Set the images aside and retype the whole listing exactly.

________

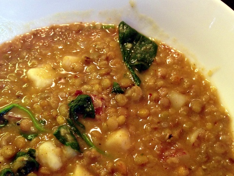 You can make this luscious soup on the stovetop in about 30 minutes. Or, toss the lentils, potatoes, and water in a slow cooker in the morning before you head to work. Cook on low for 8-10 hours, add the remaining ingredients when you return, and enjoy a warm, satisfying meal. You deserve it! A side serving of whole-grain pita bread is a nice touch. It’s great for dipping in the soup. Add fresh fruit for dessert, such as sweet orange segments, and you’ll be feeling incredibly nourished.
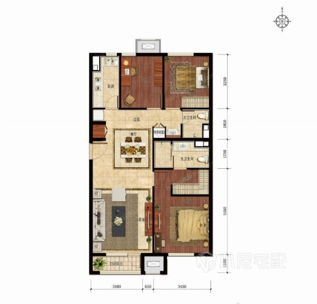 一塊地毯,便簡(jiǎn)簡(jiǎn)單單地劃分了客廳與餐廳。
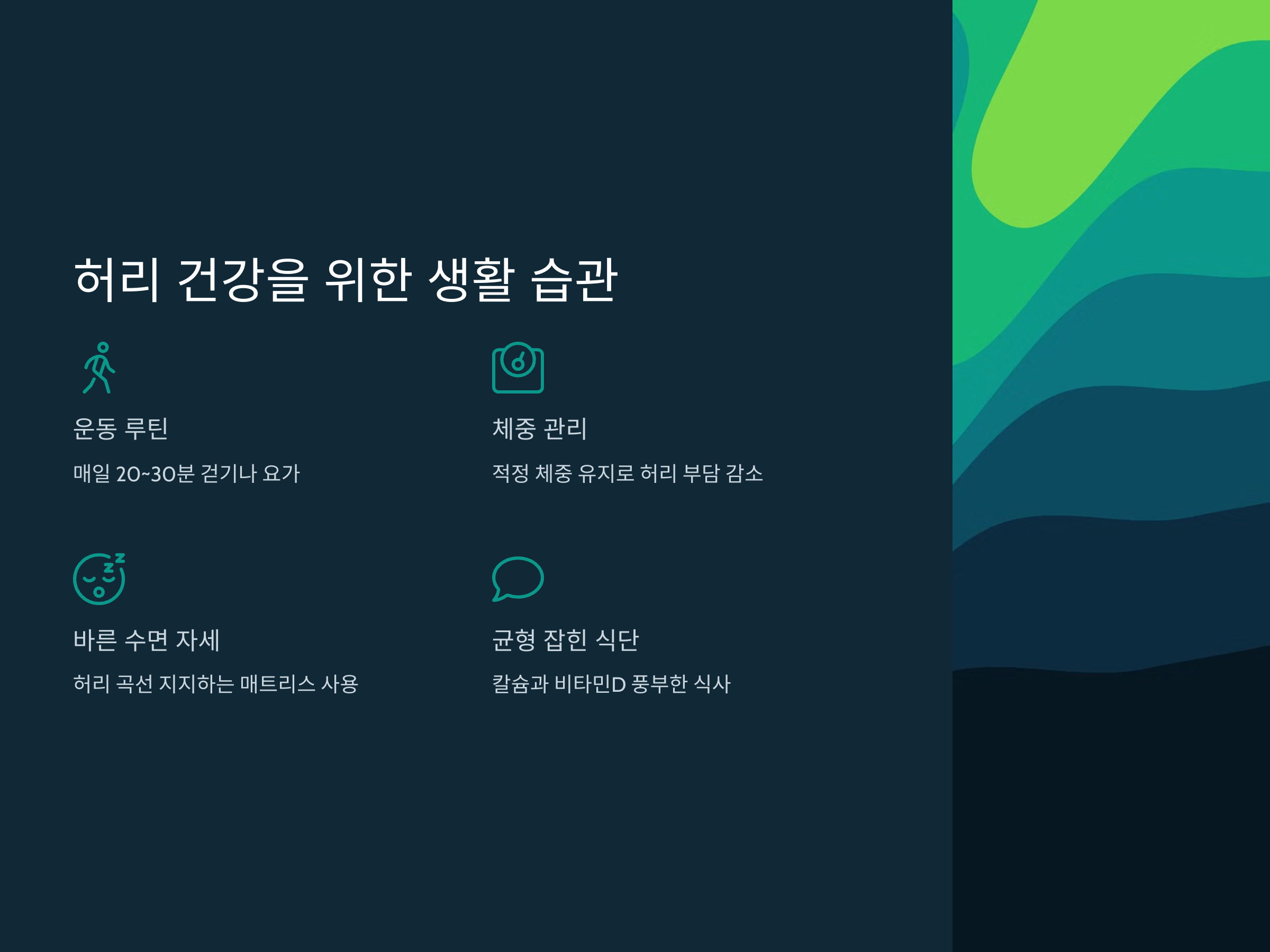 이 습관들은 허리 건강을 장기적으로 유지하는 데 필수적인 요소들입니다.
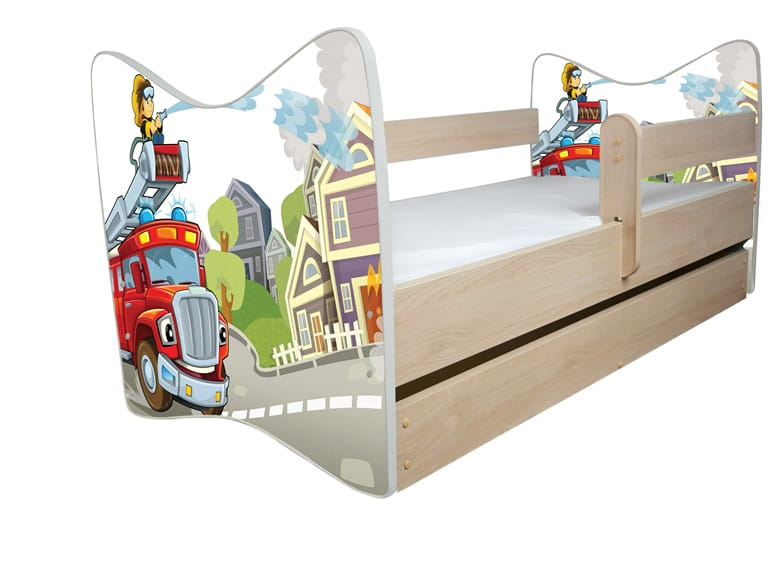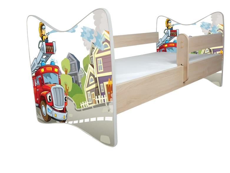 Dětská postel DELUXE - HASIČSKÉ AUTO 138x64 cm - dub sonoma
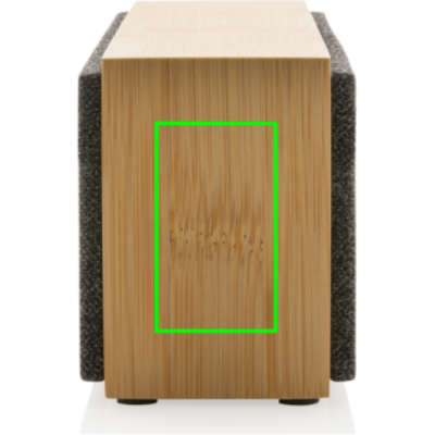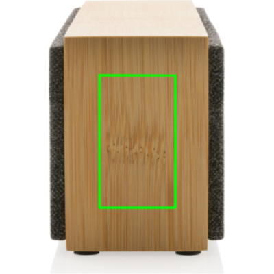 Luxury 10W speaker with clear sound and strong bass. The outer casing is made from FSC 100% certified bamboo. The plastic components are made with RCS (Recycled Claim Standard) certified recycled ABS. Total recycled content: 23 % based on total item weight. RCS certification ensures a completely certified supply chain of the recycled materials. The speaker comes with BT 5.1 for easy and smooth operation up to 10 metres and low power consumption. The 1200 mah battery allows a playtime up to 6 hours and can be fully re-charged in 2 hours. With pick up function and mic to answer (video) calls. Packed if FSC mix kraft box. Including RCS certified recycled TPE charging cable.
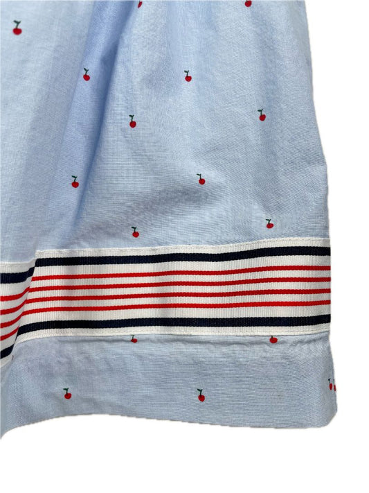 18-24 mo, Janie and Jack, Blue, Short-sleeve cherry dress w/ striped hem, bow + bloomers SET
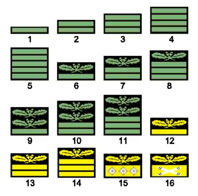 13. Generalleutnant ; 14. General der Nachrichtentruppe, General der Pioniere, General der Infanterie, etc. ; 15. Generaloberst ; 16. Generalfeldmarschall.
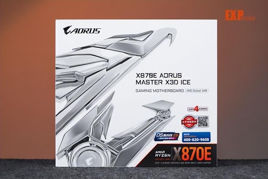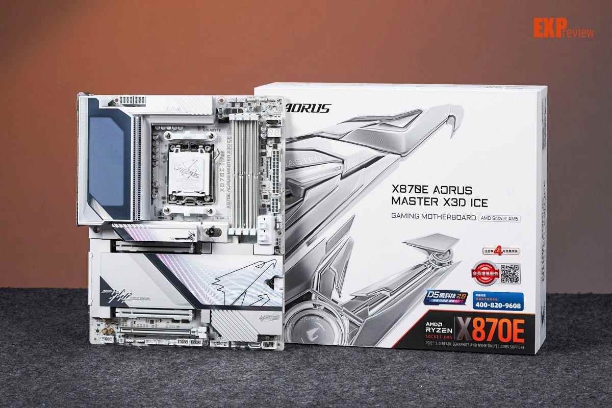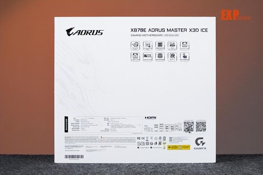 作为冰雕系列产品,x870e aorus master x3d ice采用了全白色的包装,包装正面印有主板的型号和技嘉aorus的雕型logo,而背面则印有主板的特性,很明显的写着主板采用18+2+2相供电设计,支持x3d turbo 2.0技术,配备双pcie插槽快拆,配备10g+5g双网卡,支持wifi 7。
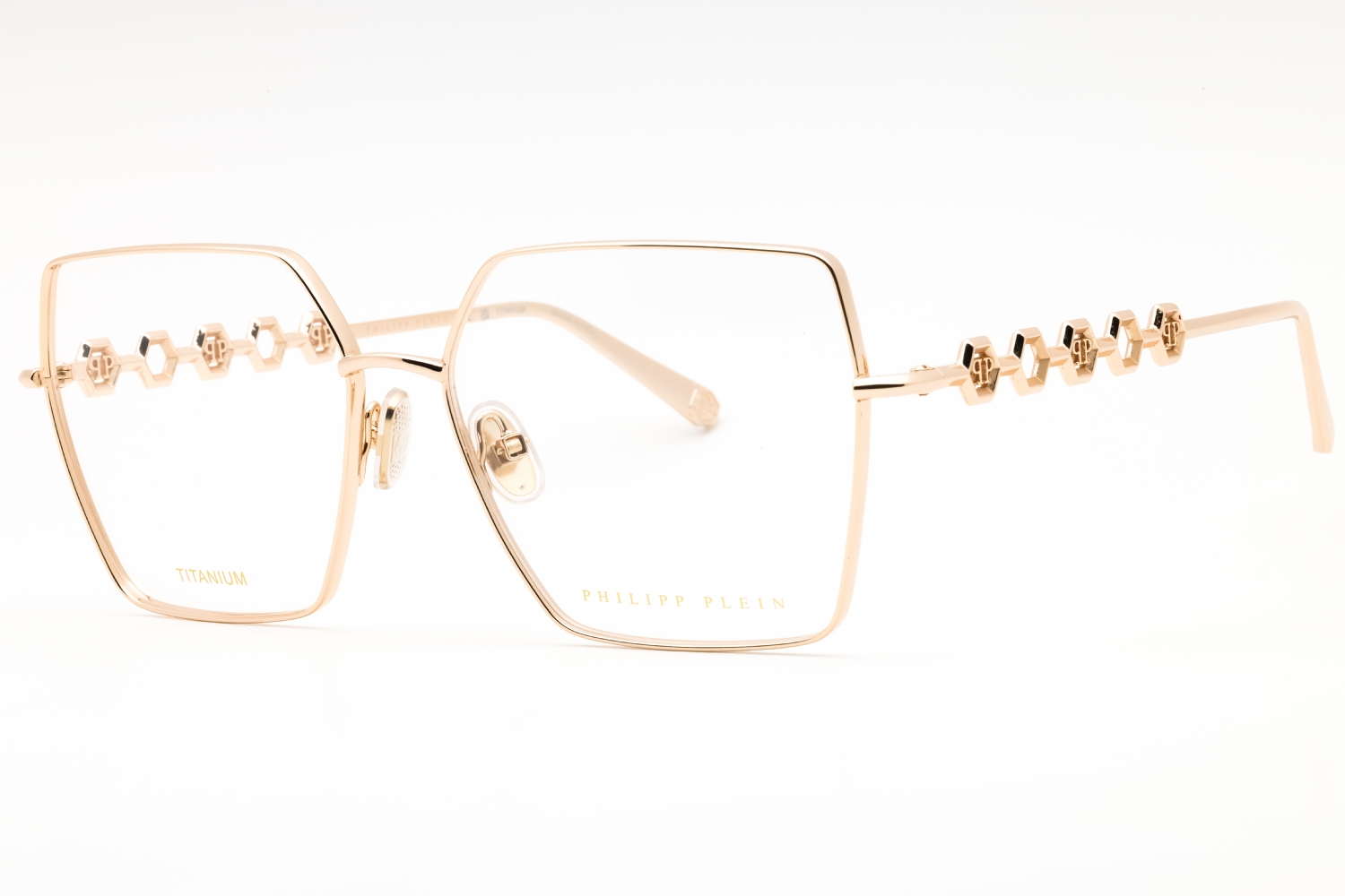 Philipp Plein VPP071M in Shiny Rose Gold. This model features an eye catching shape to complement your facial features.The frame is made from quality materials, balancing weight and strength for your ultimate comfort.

________

#### Task result
 You can make this luscious soup on the stovetop in about 30 minutes. Or, toss the lentils, potatoes, and water in a slow cooker in the morning before you head to work. Cook on low for 8-10 hours, add the remaining ingredients when you return, and enjoy a warm, satisfying meal. You deserve it! A side serving of whole-grain pita bread is a nice touch. It’s great for dipping in the soup. Add fresh fruit for dessert, such as sweet orange segments, and you’ll be feeling incredibly nourished.
 一塊地毯,便簡(jiǎn)簡(jiǎn)單單地劃分了客廳與餐廳。
 이 습관들은 허리 건강을 장기적으로 유지하는 데 필수적인 요소들입니다.
 Dětská postel DELUXE - HASIČSKÉ AUTO 138x64 cm - dub sonoma
 Luxury 10W speaker with clear sound and strong bass. The outer casing is made from FSC 100% certified bamboo. The plastic components are made with RCS (Recycled Claim Standard) certified recycled ABS. Total recycled content: 23 % based on total item weight. RCS certification ensures a completely certified supply chain of the recycled materials. The speaker comes with BT 5.1 for easy and smooth operation up to 10 metres and low power consumption. The 1200 mah battery allows a playtime up to 6 hours and can be fully re-charged in 2 hours. With pick up function and mic to answer (video) calls. Packed if FSC mix kraft box. Including RCS certified recycled TPE charging cable.
 18-24 mo, Janie and Jack, Blue, Short-sleeve cherry dress w/ striped hem, bow + bloomers SET
 13. Generalleutnant ; 14. General der Nachrichtentruppe, General der Pioniere, General der Infanterie, etc. ; 15. Generaloberst ; 16. Generalfeldmarschall.
 作为冰雕系列产品,x870e aorus master x3d ice采用了全白色的包装,包装正面印有主板的型号和技嘉aorus的雕型logo,而背面则印有主板的特性,很明显的写着主板采用18+2+2相供电设计,支持x3d turbo 2.0技术,配备双pcie插槽快拆,配备10g+5g双网卡,支持wifi 7。
 Philipp Plein VPP071M in Shiny Rose Gold. This model features an eye catching shape to complement your facial features.The frame is made from quality materials, balancing weight and strength for your ultimate comfort.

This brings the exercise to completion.